Records from a data source:
━━━━━━━━━━━━━━━━━━━━

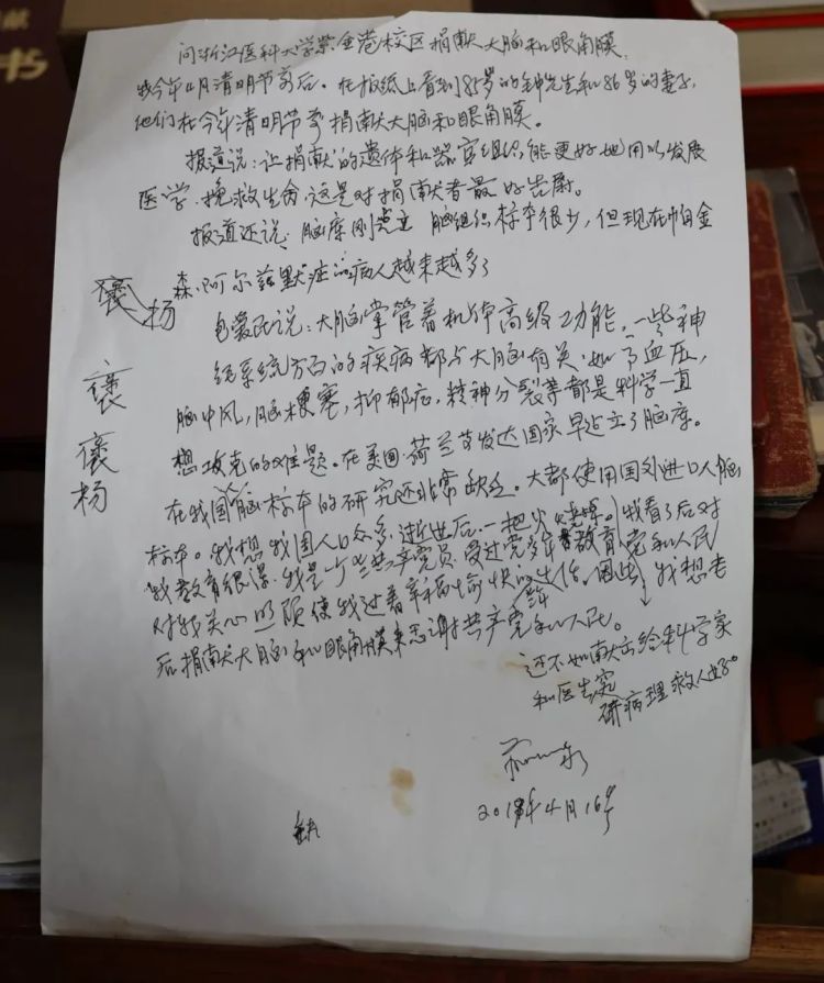 “党和人民对我的关心和照顾,使我过着愉快的老年生活,因此我想只有老后捐献大脑和眼角膜来感谢党和人民。”
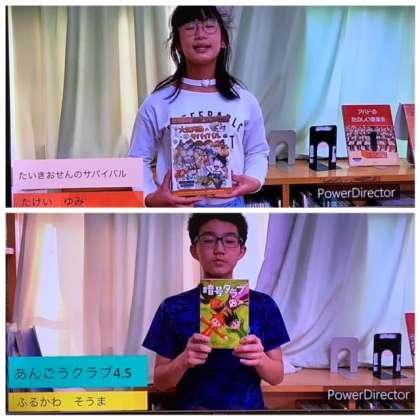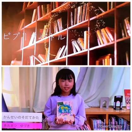 11月8日(水)、今日の児童朝会はテレビ放送でビブリオバトルを行いました。
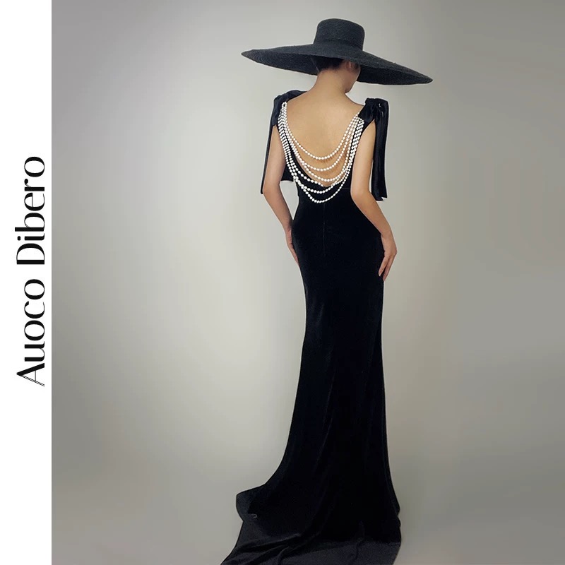 Black Mermaid Eembellished Velvet Open-back Maxi Dress,Floor Length Black Prom Dress
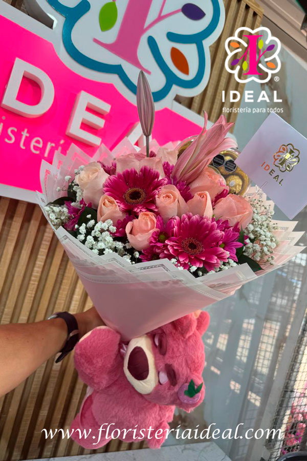 el detalle indicado para sorprender a tu persona ideal, un arreglo floral de mano elaborado en rosas rosadas y variedad acompañado de un hermoso lotso dormilon
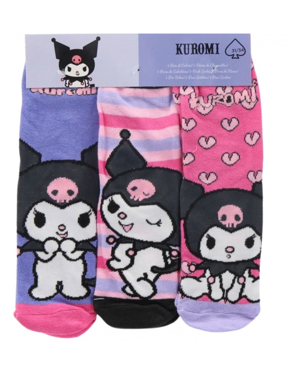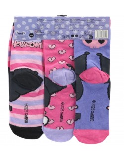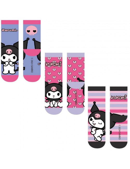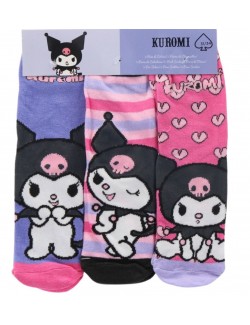 Set 3 perechi sosete Kuromi Hello Kitty, marimi 23-34, imprimeuri diferite, compozitie material 60% bumbac, 37% poliester, 3% elastan.
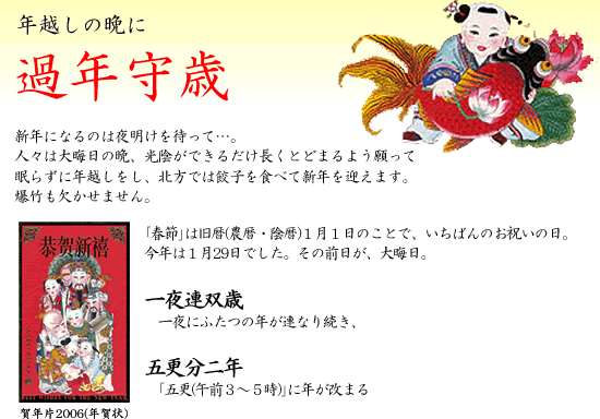 | 北方ではこの夜、婦人たちが卓を囲んで餃子作り、餃子はお金のシンボル。若い女性が立って皮をのし、中央の女性は座って包み、左の母親は、「糖葫蘆(サンザシの実などを竹串に刺して蜜をまぶして固めた甘い菓子)」を持った子どもの相手をしています。 | |
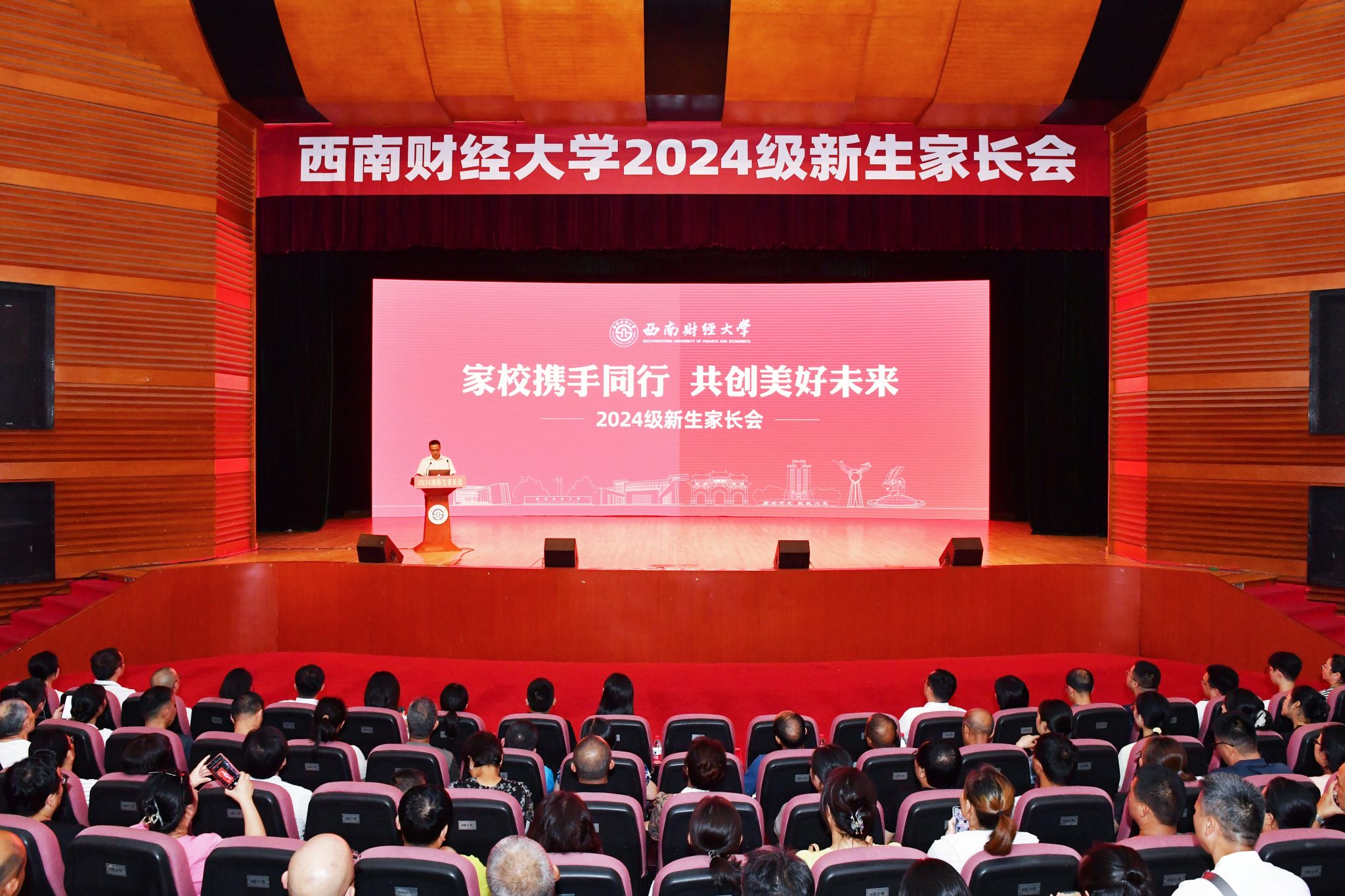 9月4日下午,西南财经大学2024级新生家长会在柳林校区学生活动中心800人厅举行。学校党委常委、副校长李志生出席会议,相关职能部门负责人及千余名新生家长参会。学生工作部部长梁婷主持会议。

━━━━━━━━━━━━━━━━━━━━

What the task requires:
Every line above should be returned exactly; the pictures stay out.

Response box:
 “党和人民对我的关心和照顾,使我过着愉快的老年生活,因此我想只有老后捐献大脑和眼角膜来感谢党和人民。”
 11月8日(水)、今日の児童朝会はテレビ放送でビブリオバトルを行いました。
 Black Mermaid Eembellished Velvet Open-back Maxi Dress,Floor Length Black Prom Dress
 el detalle indicado para sorprender a tu persona ideal, un arreglo floral de mano elaborado en rosas rosadas y variedad acompañado de un hermoso lotso dormilon
 Set 3 perechi sosete Kuromi Hello Kitty, marimi 23-34, imprimeuri diferite, compozitie material 60% bumbac, 37% poliester, 3% elastan.
 | 北方ではこの夜、婦人たちが卓を囲んで餃子作り、餃子はお金のシンボル。若い女性が立って皮をのし、中央の女性は座って包み、左の母親は、「糖葫蘆(サンザシの実などを竹串に刺して蜜をまぶして固めた甘い菓子)」を持った子どもの相手をしています。 | |
 9月4日下午,西南财经大学2024级新生家长会在柳林校区学生活动中心800人厅举行。学校党委常委、副校长李志生出席会议,相关职能部门负责人及千余名新生家长参会。学生工作部部长梁婷主持会议。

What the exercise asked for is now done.